■ Source data
-------

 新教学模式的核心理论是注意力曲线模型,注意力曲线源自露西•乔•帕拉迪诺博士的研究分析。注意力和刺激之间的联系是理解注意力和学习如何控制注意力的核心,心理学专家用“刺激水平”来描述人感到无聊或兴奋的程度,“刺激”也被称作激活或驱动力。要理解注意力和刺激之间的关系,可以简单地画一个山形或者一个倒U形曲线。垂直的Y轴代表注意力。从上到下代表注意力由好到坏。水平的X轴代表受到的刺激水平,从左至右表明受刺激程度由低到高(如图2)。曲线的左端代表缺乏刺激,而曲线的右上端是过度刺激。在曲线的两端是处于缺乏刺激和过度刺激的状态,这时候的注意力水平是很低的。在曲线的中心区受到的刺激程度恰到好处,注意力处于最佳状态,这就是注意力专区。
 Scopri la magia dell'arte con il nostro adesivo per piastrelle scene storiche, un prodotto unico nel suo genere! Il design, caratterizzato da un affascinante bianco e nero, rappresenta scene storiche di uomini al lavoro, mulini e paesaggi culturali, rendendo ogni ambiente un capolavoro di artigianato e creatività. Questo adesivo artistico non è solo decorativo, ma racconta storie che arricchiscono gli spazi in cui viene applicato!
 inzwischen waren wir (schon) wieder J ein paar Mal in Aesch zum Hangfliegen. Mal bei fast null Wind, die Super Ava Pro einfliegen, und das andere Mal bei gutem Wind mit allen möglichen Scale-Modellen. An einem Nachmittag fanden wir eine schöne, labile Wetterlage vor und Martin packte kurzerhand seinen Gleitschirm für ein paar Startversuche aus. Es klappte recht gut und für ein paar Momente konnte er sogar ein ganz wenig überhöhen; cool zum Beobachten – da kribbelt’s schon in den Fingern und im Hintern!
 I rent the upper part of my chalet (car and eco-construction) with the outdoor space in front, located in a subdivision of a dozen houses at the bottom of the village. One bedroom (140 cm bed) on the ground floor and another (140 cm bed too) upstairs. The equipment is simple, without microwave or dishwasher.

-------

■ Directions for this task
Output each line exactly, from the first line of the data down to the line that contains "inzwischen waren wir", both included.

■ Finished task
 新教学模式的核心理论是注意力曲线模型,注意力曲线源自露西•乔•帕拉迪诺博士的研究分析。注意力和刺激之间的联系是理解注意力和学习如何控制注意力的核心,心理学专家用“刺激水平”来描述人感到无聊或兴奋的程度,“刺激”也被称作激活或驱动力。要理解注意力和刺激之间的关系,可以简单地画一个山形或者一个倒U形曲线。垂直的Y轴代表注意力。从上到下代表注意力由好到坏。水平的X轴代表受到的刺激水平,从左至右表明受刺激程度由低到高(如图2)。曲线的左端代表缺乏刺激,而曲线的右上端是过度刺激。在曲线的两端是处于缺乏刺激和过度刺激的状态,这时候的注意力水平是很低的。在曲线的中心区受到的刺激程度恰到好处,注意力处于最佳状态,这就是注意力专区。
 Scopri la magia dell'arte con il nostro adesivo per piastrelle scene storiche, un prodotto unico nel suo genere! Il design, caratterizzato da un affascinante bianco e nero, rappresenta scene storiche di uomini al lavoro, mulini e paesaggi culturali, rendendo ogni ambiente un capolavoro di artigianato e creatività. Questo adesivo artistico non è solo decorativo, ma racconta storie che arricchiscono gli spazi in cui viene applicato!
 inzwischen waren wir (schon) wieder J ein paar Mal in Aesch zum Hangfliegen. Mal bei fast null Wind, die Super Ava Pro einfliegen, und das andere Mal bei gutem Wind mit allen möglichen Scale-Modellen. An einem Nachmittag fanden wir eine schöne, labile Wetterlage vor und Martin packte kurzerhand seinen Gleitschirm für ein paar Startversuche aus. Es klappte recht gut und für ein paar Momente konnte er sogar ein ganz wenig überhöhen; cool zum Beobachten – da kribbelt’s schon in den Fingern und im Hintern!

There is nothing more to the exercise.